While everyone raves about the joys of the monsoon, Keya Sarkar is not as enthusiastic.
Illustration: Dominic Xavier/Rediff.com
The monsoons in Santiniketan can be a little trying.
While many friends and acquaintances love coming here to see the rain amidst the green, I cannot share their enthusiasm.
That is probably because I stay in a house built 70 years ago by my maternal grandfather.
While, the year round, I enjoy the pleasure of living in a 'heritage villa' as friends call it, in the monsoons the heritage is a liability. The walls get damp.
We are to blame for our plight because we have chosen to paint the outside of the house with a traditional lime wash instead of the industrial 'weather coat' and the insides with layers of gobar (from before the Bharatiya Janata Party came to power) and then white clay.
All the time that my father was alive, he would tell me that I was being stupid in adopting traditional methods. I understood his anxiety (he had worked for Berger Paints for the better part of his career) but I stuck to my guns.
Of course, every year after the monsoons, we call our contractor and fill up cracks on the roof to lessen the seepage, but I can feel that he, too, is getting increasingly frustrated, having already applied all the tools in his trade to arrest the damage.
Added to this is the water table rising so much that patches of dampness even show up on the floors.
I am told that the method of building foundations many years ago, coupled with the sandy soil in this area, results in this dampness (I have checked, the same ails many old houses here).
So, unless we demolish the house and reconstruct it, we pretty much have to live with this.
As we have to with all the snakes that surface in the garden and threaten to enter our home.
The logical part of my brain tells me that, with their houses flooded, the poor snakes need to get to drier areas but the emotional part of my brain doesn't really care. I dislike having to study them at close quarters to apprise myself of whether they are poisonous or not.
The part of the monsoons that I like in Santiniketan are the bhuttas (corn cobs).
Available in plenty during the monsoons, they really add a kick to dreary grey-skied evenings.
Not the cloyingly sweet American corn, but the fragrant desi bhutta.
There is one guy, who we go to year after year, and he knows how exactly we like our bhuttas. Young but firm, medium roasted and lightly salted.

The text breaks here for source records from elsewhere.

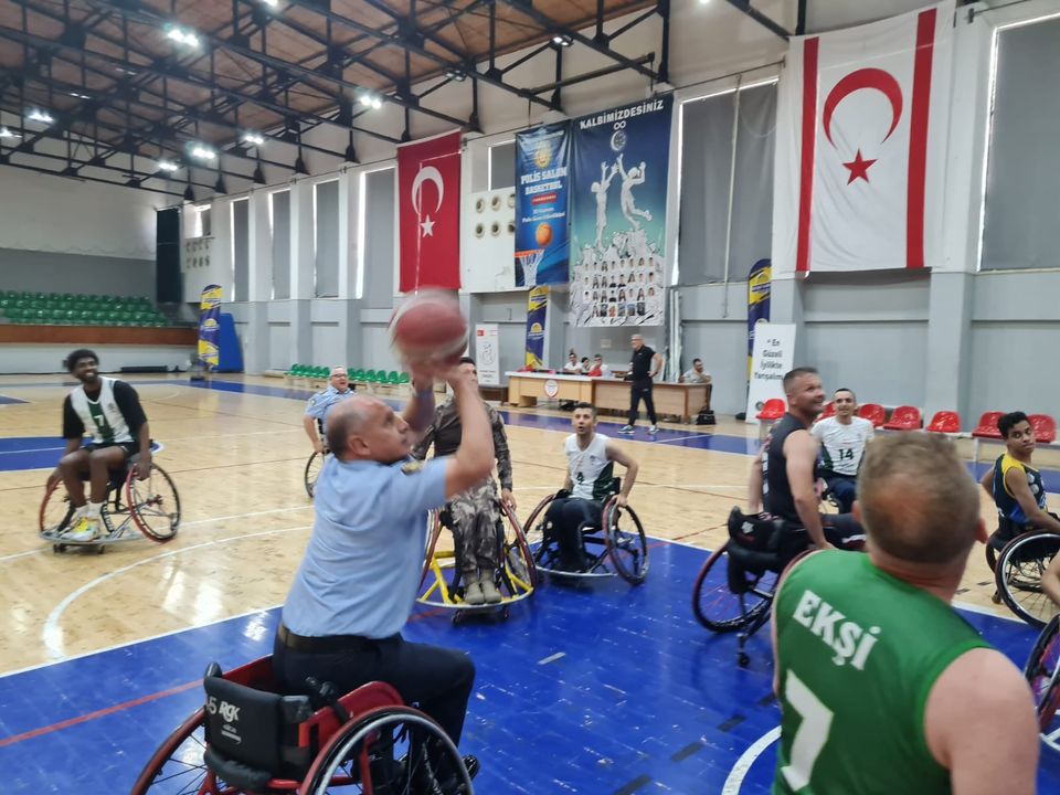 Polis Örgütünün Kuruluşunun 59’uncu yıldönümü ve Polis Haftası Etkinlikleri kapsamında düzenlenen 4. Basketbol Turnuvası final maçı öncesinde, Polis Mensupları ile Vakıflar Tekerlekli Sandalye Basketb...
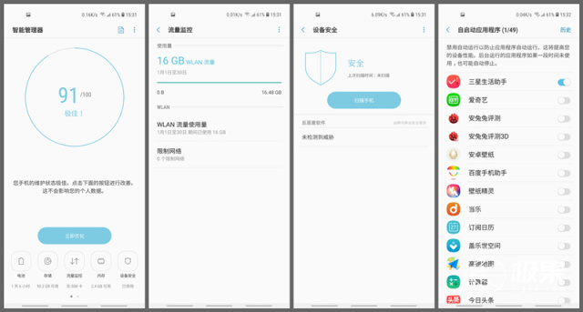 系统的管家软件也非常强大,基本上所有的功能都可以在这里找到。自启管理,杀毒,流量监控,骚扰拦截,完全不需要下载第三方APP,即可对手机实行全方位的监督与管理。
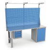 Верстаки серии ВЛ предназначены для слесарных и сборочных работ в мастерских, гаражах, учебных заведениях и на производствах. Максимальная равномерно распределенная нагрузка на верстак 1000 кг. Изготовлен шириной 2000 мм. Столешница верстака изготавливается в трех вариантах из фанеры 24 мм Ф, из фанеры 24 мм, покрытой оцинкованным железным листом ЦФ из фанеры 24 мм со стальным листом сверху 3 мм, окрашен порошковой краской МФ. Столешница установлена на опору и инструментальную тумбу ВЛ-015 с 5 выдвижными ящиками. Максимальная динамическая нагрузка на ящик 40 кг. Максимальная статическая нагрузка на ящик 80 кг. Верстак оборудован подвесной инструментальной тумбой ВЛ-003 с 3 выдвижными ящиками. Верстак укомплектован перфорированным экраном и консолью. На экран с помощью зацепов можно установить аксессуары. На консоль устанавливается освещение или бегунок. Освещение состоит из энергосберегающего светодиодного светильника, который обеспечивает 1200 Lx на рабочей поверхности. Совместная максимальная нагрузка на экран и консоль 50 кг. Верстак окрашен эпоксидной порошковой краской. Опоры, корпусы Тумб и Аксессуары серые RAL 7038, Экран, ящики и дверцы Тумб синие RAL 5012.Условия покупки
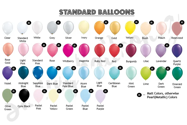 7) Please note that the photos of balloon colors may appear slightly differently in real life compared to our website photos. This could be due to screen restrictions, photo lightings and/or photo resolution differences.

He hails from Bihar's Darbhanga district, but moved to Santiniketan in his teens.
We often exchange notes on happenings in Santiniketan and lament together at the falling standards of cleanliness.
Through all this, a street dog chews at the cobs that people throw away. We never fail to be amused at the way the dog holds on to one end of the bhutta with one paw and gets the few kernels remaining with his teeth.
Our man informed us that he had started making momos too.
I was quite horrified at the thought of our man hailing from Bihar dishing out momos.
I asked him whether he knew which part of the country this food comes from. He obviously didn't have a clue but took only a few seconds to respond: "It comes from the same place that all other momos do."
I know it's unreasonable, but strangely that day my bhutta felt adulterated.